Statistical analyses
Sputum cell counts were expressed as arithmetic mean ± SD when normally distributed, or as median (interquartile range [IQR]) when non-normally distributed. The normal range was expressed by mean ±2 SD, as well as the median and 10th and 90th percentiles.
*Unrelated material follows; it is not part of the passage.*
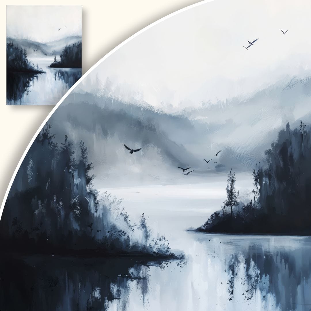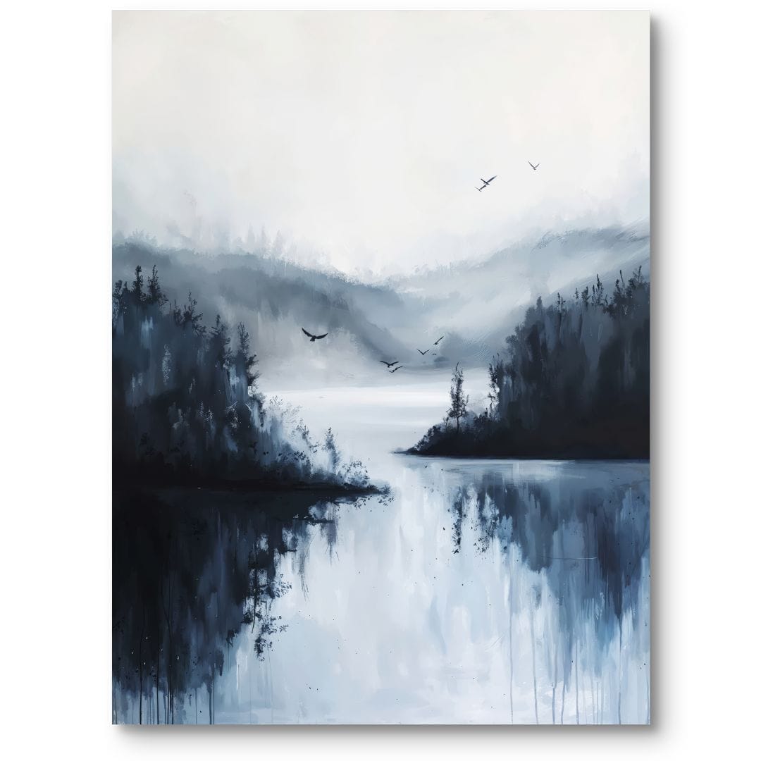 Obraz na płótnie ukazuje relaksujący pejzaż jeziora spowitego ciszą, otoczonego przez majestatyczne, gęste lasy. Na pierwszym planie rozciąga się gładka tafla wody, niczym zwierciadło odbijając miękkie światło nieba oraz fragmenty kojącej roślinności. W tle unoszą się ptaki, które wnoszą do tej spokojnej sceny nutę ruchu i wolności. Całość kompozycji tchnie harmonią i pogodą ducha, czyniąc obraz idealnym wyborem do przestrzeni sprzyjających relaksowi i wyciszeniu.

The difference in the cell counts between men and women was assessed using independent t tests for normally distributed data and Wilcoxon rank-sum test for nonparametric data. To account for multiple analyses, P<0.01 was considered to be statistically significant. The effect of spirometric measurements (absolute and per cent predicted) on sputum cell counts was assessed using linear regression. Significance was accepted at 95%. To assess interobserver agreement in the differential sputum cell count, Bland-Altman plots were performed and intraclass correlation coefficients (ICC) were calculated.
RESULTS
Study subjects
Subject enrollment began in January 2010 and ended in March 2012. Subject flow is summarized in Figure 1. Of the 105 subjects who volunteered to participate, 11 were excluded due to a positive methacholine challenge test, 16 were withdrawn due to difficulties attending all required study visits and nine were excluded because at least one of their sputum samples was unsatisfactory for interpretation. Sixty-nine subjects were included in the final analyses. Subject characteristics are summarized in Table 1. The majority of the subjects were Caucasian (n=54) and female (n=43). The study population had normal spirometry. None of the subjects were taking regular medications at the time of enrollment.
Figure 1).
Subject flow
TABLE 1.
Baseline characteristics of subjects
| Characteristic | |
|---|---|
| Age, years | 35.7±9.8 |
| Male:female, n:n | 26:43 |
| Ethnicity, n (%) | |
| Caucasian | 54 (78) |
| Asian | 10 (14) |
| Other | 5 (8) |
| Body mass index, kg/m2 | 24.55±3.85 |
| Smoking, pack-years | 0.3±1 |
| FEV1, L | 3.70±0.79 |
| FEV1, % predicted | 106±12.2 |
| FVC, L | 4.65±1.04 |
| FVC, % predicted | 108±18.7 |
| FEV1/FVC | 0.80±0.06 |
Data presented as mean ± SD unless otherwise indicated. FEV1 Forced expiratory volume in 1 s; FVC Forced vital capacity
Induced sputum cell counts
The median sputum weight was 0.60 g (IQR 0.26 g to 1.56 g), similar to previously reported values (18). Table 2 summarizes the induced sputum total and differential cell counts (×106 cells/g). Table 3 summarizes the range of induced sputum differential cell percentages. The majority of cells were neutrophils and macrophages.
TABLE 2.
Normal range of induced sputum total and differential cell counts (×106 cells/g)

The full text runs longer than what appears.